The results from Experiments 1a, 2, 3, 4, and 5, which involved participants recruited from Prolific and were pre-registered, indicate varying levels of accuracy in identifying real and fabricated videos. Experiment 1a demonstrated that participants accurately identified real Presidential Deepfakes Data (PDD) videos and deepfakes at rates of 85% and 87%, respectively. In Experiment 2, the accuracy rates for identifying various video types were 86% for real PDD videos, 83% for enhanced PDD voice actor deepfakes, 72% for enhanced PDD text-to-speech deepfakes, 85% for real other videos, and 83% for other deepfakes.

These findings suggest that while participants performed significantly better than random guessing (which would yield 50% accuracy), their ability to identify enhanced PDD text-to-speech deepfakes was notably lower, indicating a challenge in distinguishing these specific deepfakes compared to other stimuli. Overall, the results highlight the varying effectiveness of human participants in detecting deepfake technology across different video types.

Discussion

The discussion section of the paper presents findings from a series of experiments investigating how different media modalities affect participants’ ability to discern real from fabricated political speeches. Experiment 1a, involving 501 participants, revealed that accuracy in identifying the authenticity of speeches improved significantly with the addition of audio and visual elements, with video and audio combined yielding the highest accuracy at 86%. This trend was corroborated by Experiment 1b, which included 41,313 participants and showed similar results, albeit with slightly lower accuracy rates across modalities. Subsequent experiments (2-5) explored various factors, including the type of deepfake (text-to-speech vs. voice actor), the influence of base rates of misinformation, and the impact of participant engagement without explicit prompts about authenticity. Notably, participants demonstrated lower accuracy with text-to-speech deepfakes compared to voice actor deepfakes, and the presence of audio and video consistently enhanced discernment of fabricated content.

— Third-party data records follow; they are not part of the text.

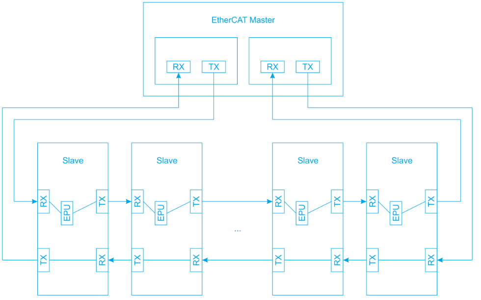 一方のアダプターからのフレームは、入力ポートとしてポートAを通過する際に、EPUを介してスレーブデバイスとデータを交換します。リングトポロジー内のもう一方のアダプターからのフレームは、入力ポートとしてポートA以外のポートを経由する場合、スレーブデバイスからのデータは書き込まれません。ポートAからポートBへの経路ではフレームはEPUを介してスレーブデバイスとデータを交換できますが、ポートBからポートAへの経路ではフレームはスレーブデバイスからデータを受け取りません。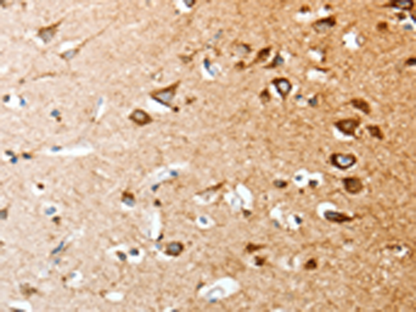The image is immunohistochemistry of paraffin-embedded Human brain tissue using P11079(LPAR4 Antibody) at dilution 1/20. (Original magnification: ×200) |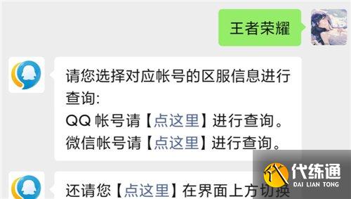 2、关注公众号后发送【王者荣耀】四个字,之后点击登陆QQ/微信账号,选择被禁言角色的所在区服。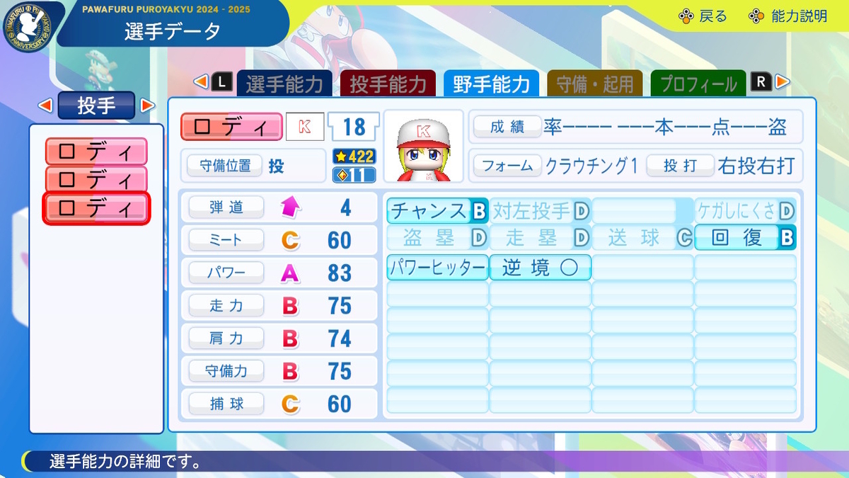 【野手特殊能力】チャンス5 対左投手4 パワーヒッター 初球〇 サヨナラ男 逆境〇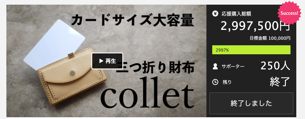 第一回クラウドファンディング「collet」299万円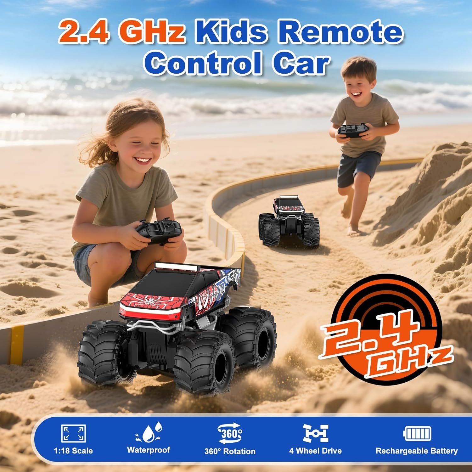 Amphibious Remote Control Car for Kids – This 1:18 scale rc trucks is built to race across land and water with ease. With waterproof construction, 4WD drive, 360° spins, LED lights, 2.4GHz wireless remote control is responsive, long-distance anti -interference No Chaos, easy to operate, allows multiple cars to race simultaneously, making it one of the popular monster truck toys and rc cars for kids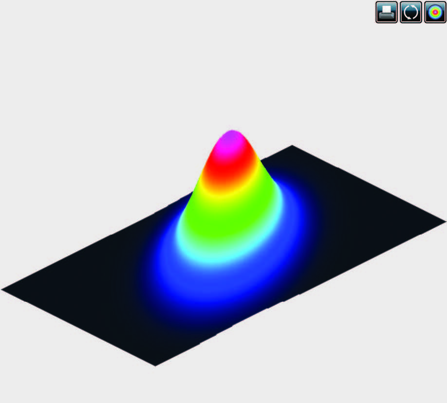 三維顯示屏 —— 三維顯示屏可顯示光束的實際形狀,可輕松對圖像進行縮放、移動和旋轉。重置按鈕非常有用,可允許用戶將數據返回原始配置。此顯示屏還帶有一個可以 BMP 格式保存最后圖像的打印屏幕按鈕。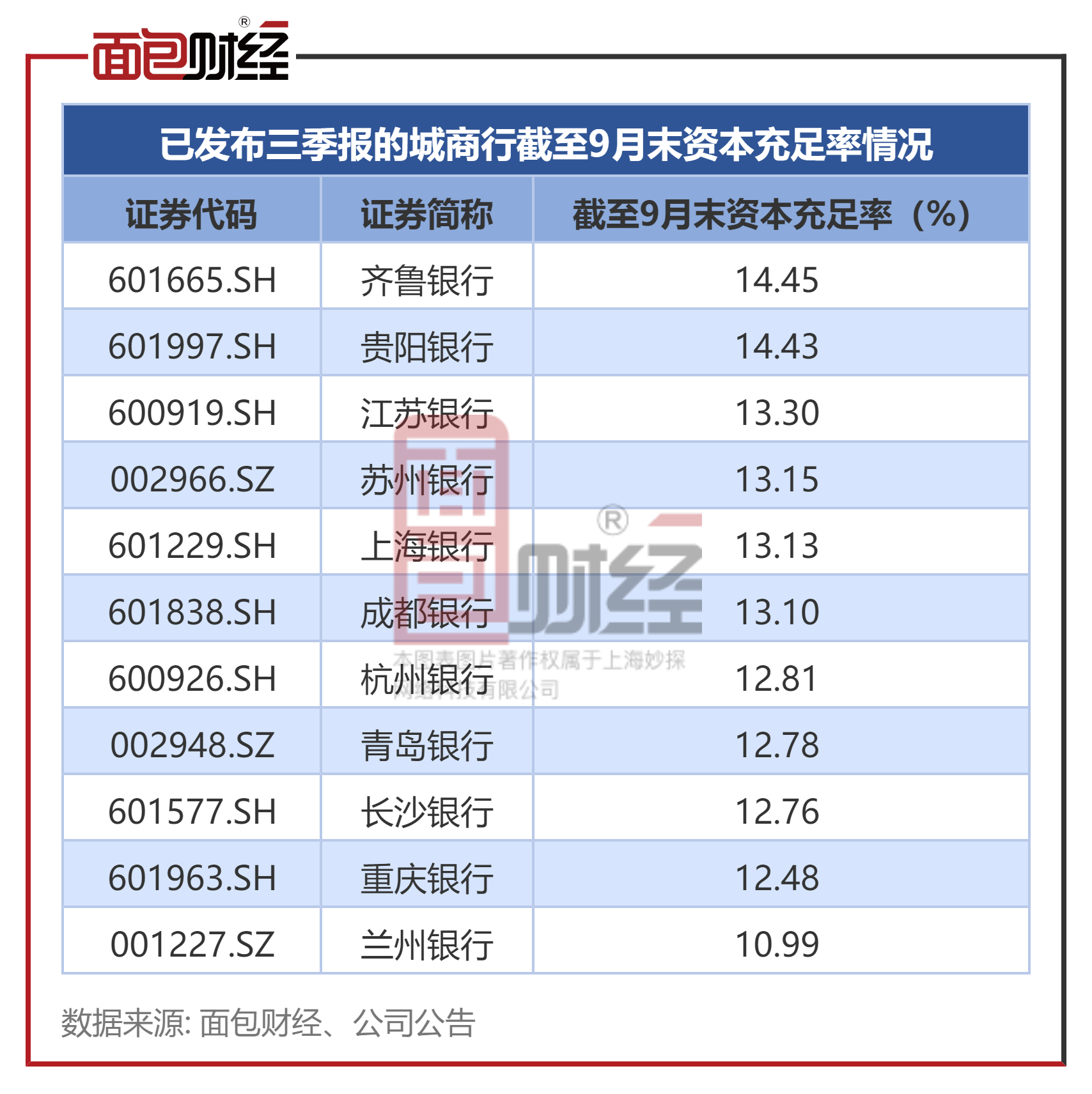 数据显示。截至9月末,该行核心一级资本充足率为9.4%,较上年末下降0.12个百分点;一级资本充足率为10.29%,较上年末下降0.21个百分点;资本充足率为12.48%,较上年末下降0.24个百分点,与其他已发布三季报的上市城商行相比,重庆银行的资本充足率为倒数第二。

Overall, the research underscores the importance of multimodal communication in enhancing the public’s ability to identify misinformation, particularly in the context of political discourse. The findings challenge the simplistic “seeing is believing” narrative by showing that while visual and auditory cues can bolster the identification of both authentic and fabricated content, the effectiveness varies based on the type of media and the specific manipulations employed. The authors suggest that future research should explore additional contexts and types of deepfake manipulations to further understand the complexities of media effects on public perception.